El programa técnico para la redistribución del ancho de banda propuesto desde la UTN al ministro Julio De Vido y anticipado por Miradas al Sur, ya comenzó a implementarse como soporte tecnológico de la decisión del Gobierno Nacional de quebrar el monopolio en internet. La idea es que las pymes y cooperativas puedan llegar a las grandes ciudades y a los pequeños pueblos más remotos y que puedan ofrecer más capacidad de canal, más ancho de banda, mejor calidad de conexión, y especialmente precios mucho más bajos que los actuales. Para eso se necesitó de un arduo trabajo conjunto entre los técnicos e ingenieros del Ministerio de Planificación, la Comisión Nacional de Comunicaciones (CNC) y la Universidad Tecnológica Nacional.
Este programa –al beneficiar a usuarios de todo el país– supera y va más allá del tema de dar una solución al millón de clientes de Fibertel-Cablevisión, un tema en el cual el enfrentamiento Gobierno-Clarín, es un árbol que tapa el bosque. La revista Noticias, en su edición del 11/9, entrevistándome sobre este programa, titula “Ariel Garbarz: El arma secreta de K”, para completar ese recorte tendencioso con la frase “todo lo necesario para liquidar a Clarín rápido”.
Para recuperar dos bienes públicos, la banda ancha y las redes, y ponerlas a disposición de cientos de pequeños operadores y de millones de internautas que podrán elegir libremente a su proveedor, la Presidenta activó un “arma secreta”: la decisión política de la lucha antimonopólica en las telecomunicaciones. Fue así que generó autoconvocatorias como la de la UTN, que comenzó a hacer honor a su nombre, cuando sus profesores e ingenieros comenzaron a trabajar junto a funcionarios y técnicos del Ministerio y la CNC. Nada más ni nada menos que empezar a poner la tecnología de las comunicaciones al servicio del pueblo, al que la globalización ha denominado “usuarios”, para ocultar sus derechos frente a las telco-corporaciones.

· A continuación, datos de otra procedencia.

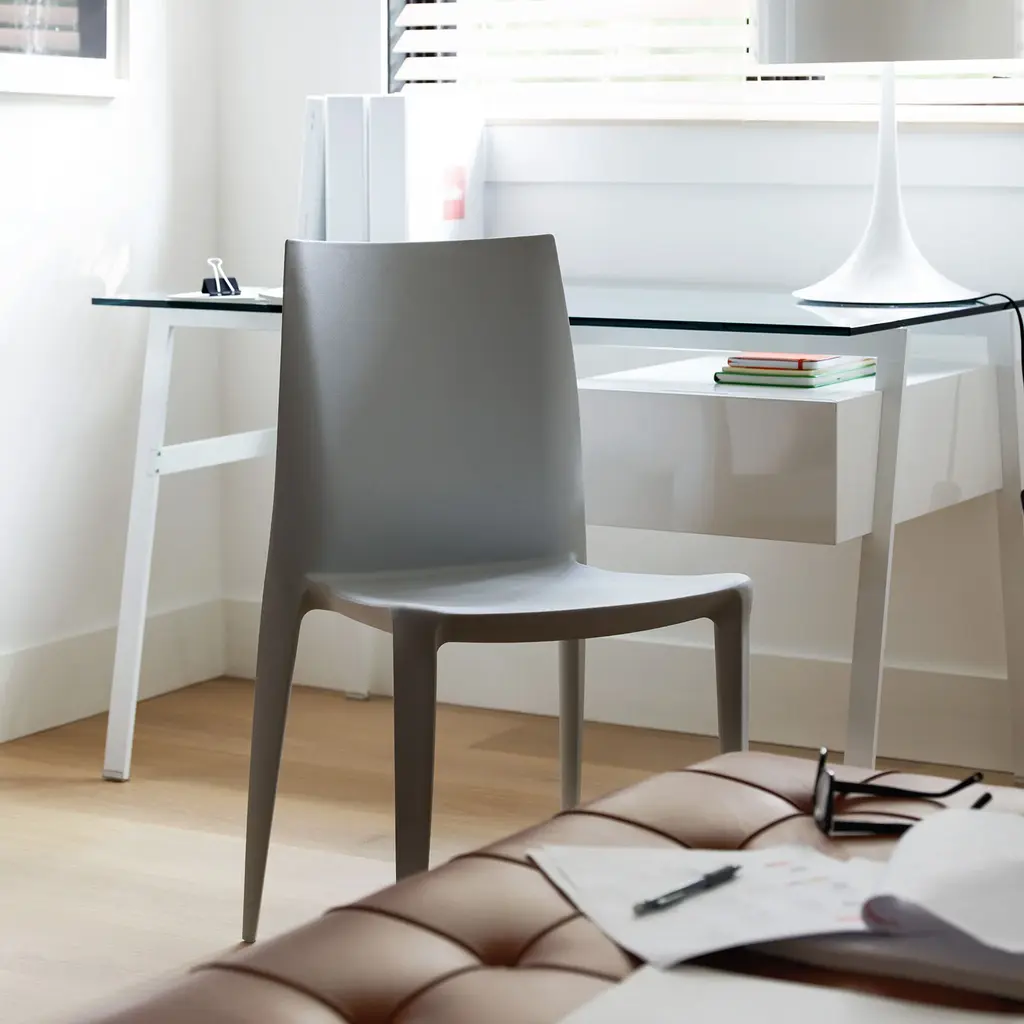 Exceptionally comfortable with a slightly flexible back, this sturdy, stackable, lightweight indoor-outdoor chair is tough enough to withstand use in a busy restaurant and elegant enough to flatter an outdoor patio, sophisticated studio, or home dining room.Originally designed in 1998, it's a gorgeous, comfortable chair that stands the test of time and has inspired countless designers for decades. Stop and admire the sleek, sculptural lines of this modern chair that earned celebrated Italian architect and designer Mario Bellini his eighth Compasso d’Oro award in 2001. Made in USA, this indoor-outdoor chair is stackable up to six high.
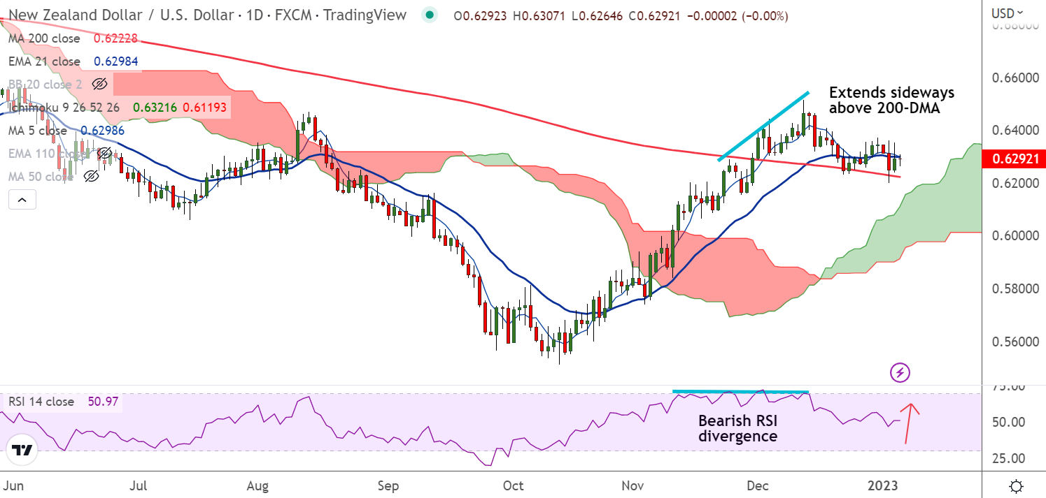 NZD/USD was trading largely unchanged at 0.6294 at around 11:45 GMT. The pair is extending sideways grind above 200-DMA, technical bias is neutral.
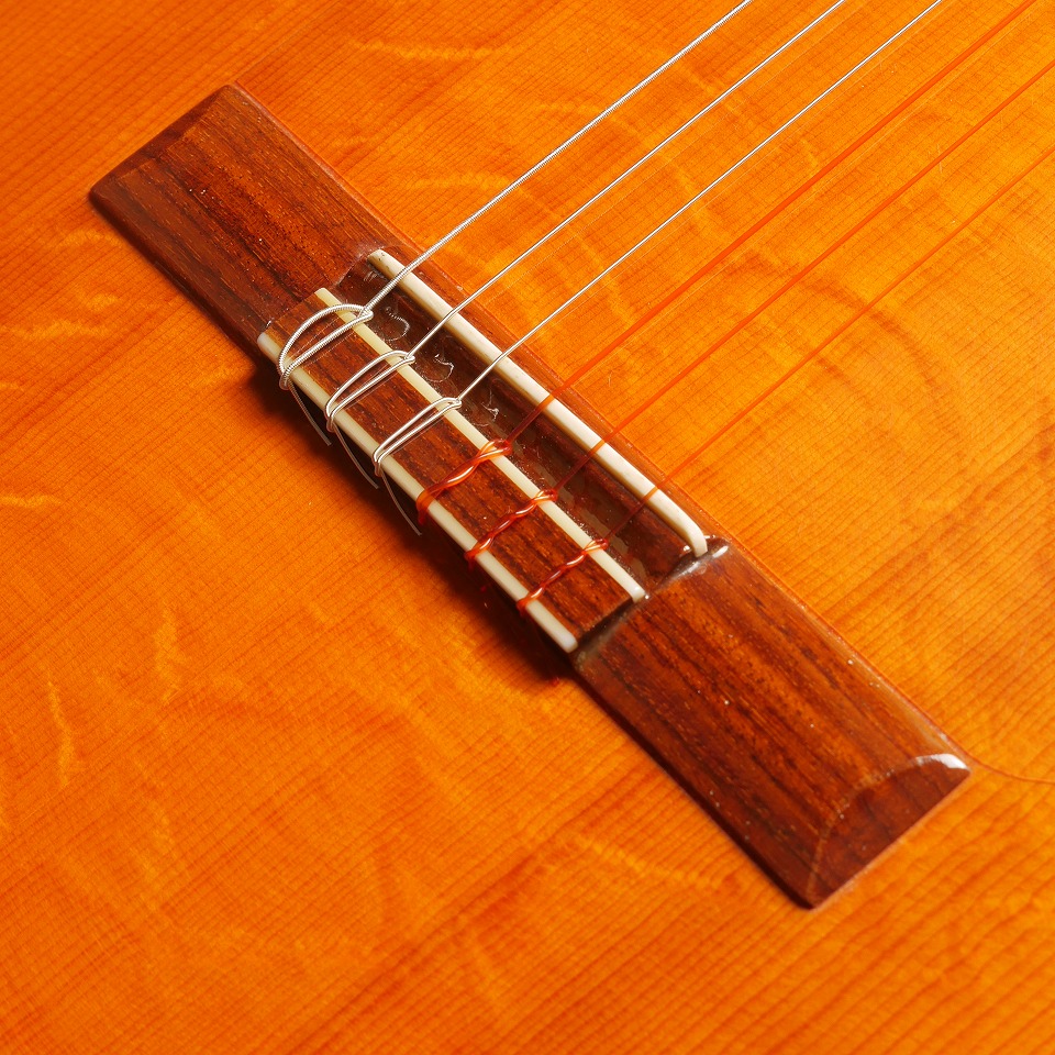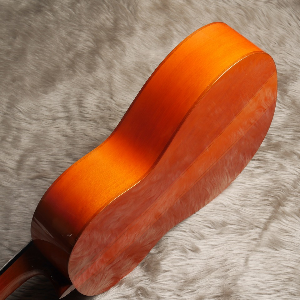 本器は、横・裏板にシープレスを使用した、伝統的な「白」のフラメンコギターです。キレのあるサウンドと、後付けピックアップによる高い実用性を兼ね備えています。

En parte Noticias tiene razón. Es un arma históricamente nueva, que puede parecer secreta ante la mirada de los grupos dominantes, que no esperaban que después de batallar por el papel, un soporte clave de su poder, Cristina vaya por el soporte de la banda ancha. Pero la batalla que asoma y que ya se discute es la de recuperar las viejas y nuevas redes teleinformáticas, que por ley pertenecen al Estado Nacional. Éstas no fueron parte de la privatización de Entel ya que sólo se privatizó el servicio. Las nuevas redes fueron adquiridas mediante inversiones provenientes de rentas monopólicas de esos servicios de telecomunicaciones; el Estado está habilitando legalmente para recuperarlas.